Do you want to know your chances of winning the National Lottery jackpot based on the history of numbers and sequences that have already passed? Now, a new lottery calculator has been made available to help people determine the likelihood of their favourite numbers coming out in the jackpot based on the entire history of the National Lottery. The Lottery Calculator tells you when you would have won the lottery and how much (assuming the numbers in your sequence have ever come out), including all dates of wins.
This is another way by which people can attempt to work out the best numbers for them to choose. However, the Lottery Calculator is not perfect and it falls for one of the oldest errors that a betting man or woman can make – falling for “The Gambler’s Fallacy”.
Lottery Calculator and “The Gambler’s Fallacy”

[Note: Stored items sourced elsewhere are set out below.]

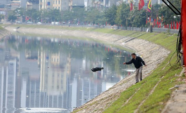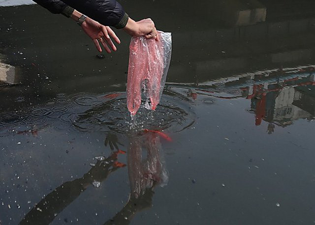 Nhiều người khi phóng sinh và thả tro, vàng mã xong ném luôn túi đựng xuống dòng sông.
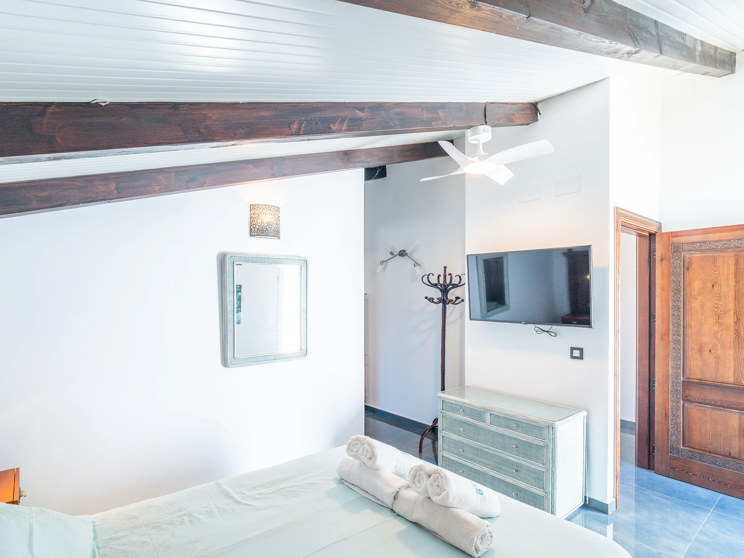 La planta superior alberga cuatro dormitorios dobles, cada uno con cama de matrimonio, baño en suite con plato de ducha, televisión y aire acondicionado con bomba de calor ❄️🔥. Dos dormitorios se orientan al norte y dos al sur, todos con terraza privada equipada para disfrutar de un café o del sol en un ambiente íntimo.
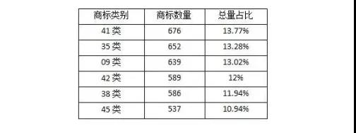 快手公司運營主體是北京達佳互聯(lián)信息技術(shù)有限公司,該公司旗下當(dāng)前共有4908個商標(biāo),已成功注冊商標(biāo)2690個,注冊率54.81%。商標(biāo)申請量最多的類別是41類,其次是35類,9類。商標(biāo)申請量超500的類別共有6個,數(shù)量及商標(biāo)總量占比如下:
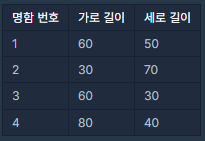 가장 긴 가로 길이와 세로 길이가 각각 80, 70이기 때문에 80(가로) x 70(세로) 크기의 지갑을 만들면 모든 명함들을 수납할 수 있습니다. 하지만 2번 명함을 가로로 눕혀 수납한다면 80(가로) x 50(세로) 크기의 지갑으로 모든 명함들을 수납할 수 있습니다. 이때의 지갑 크기는 4000(=80 x 50)입니다.
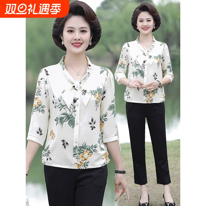 2025新款天丝棉麻套装中老年人女装夏季短袖衬衫妈妈夏装薄款外套
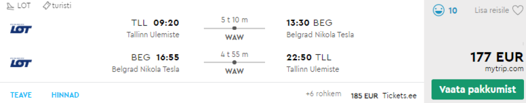 LOT pakub hetkel hea hinnaga lennupileteid Tallinnast Belgradi. Edasi-tagasi lennupiletid veetmaks pikk nädalavahetus Belgradis leiab üles alates 177€ eest ja hea hinnaga lennupileteid leidub alates novembrist kuni 2020 aasta märtsini. Lennud on mõlemal suunal ühe ümberistumisega Varssavi lennujaamas. Lennupiletite ostmiseks kliki allpool olevatel näidiskuupäevadel, või otsi endale sobivad lennupiletid üles läbi momondo.
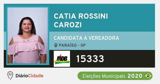Catia Rossini Carozi foi candidato a Vereador em Paraíso (SP) pelo MDB nas Eleições 2020
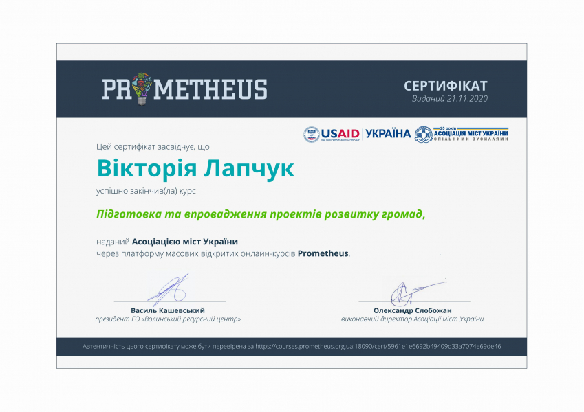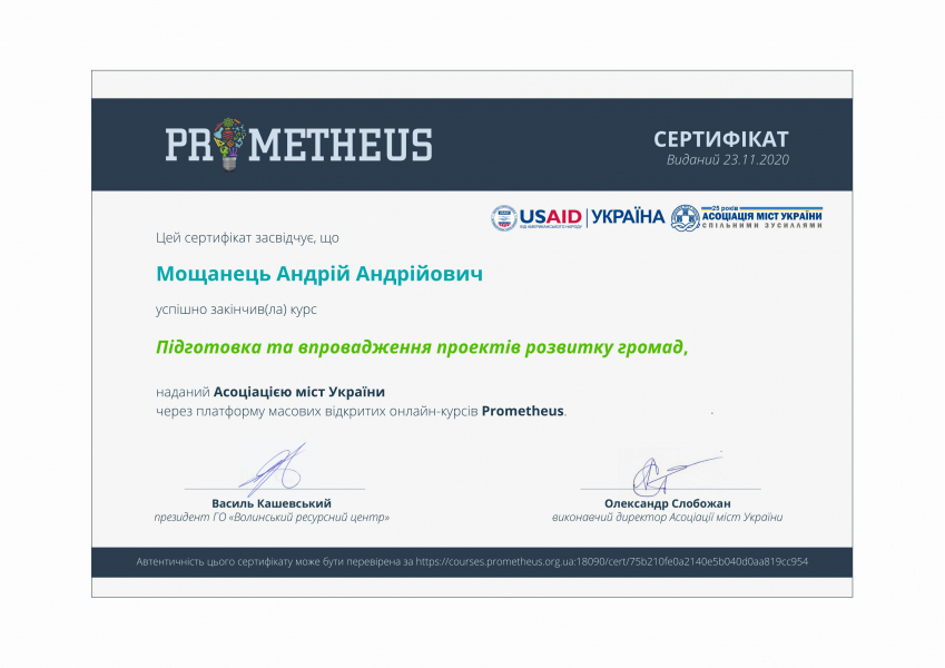 PS. Курс «Підготовка та впровадження проектів розвитку громад» підготовлено в рамках проекту USAID «Розробка курсу на зміцнення місцевого самоврядування в Україні» (ПУЛЬС), який впроваджує Асоціація міст України. Децентралізація та реформування державного управління регіональним розвитком в Україні посилили необхідність володіння навичками проектного менеджменту. Враховуючи глобальну тенденцію до застосування управлінських підходів, орієнтованих на результат, щороку зростає потреба в проектних менеджерах.

The Lottery Calculator arguably enables belief in The Gambler’s Fallacy, the idea that a certain number of sequence is “due” because it has not come up in a long time or has never come up in a sequence. It presents the idea that the law of averages determines what numbers will come up and when, based on a false belief that a sequence of events has a “memory”. This is, of course, is not true. Lottery draws have no agency, neither does a roulette wheel or any other form of gambling.
Freak results do happen. We recently reported a story from Hungary where the exact same numbers came up twice – one draw after the other – leading to shock and an investigation into lottery fraud. It is the first and so far only recorded instance of the same numbers coming up twice in as many draws. There is no guarantee that the same numbers will not come up again.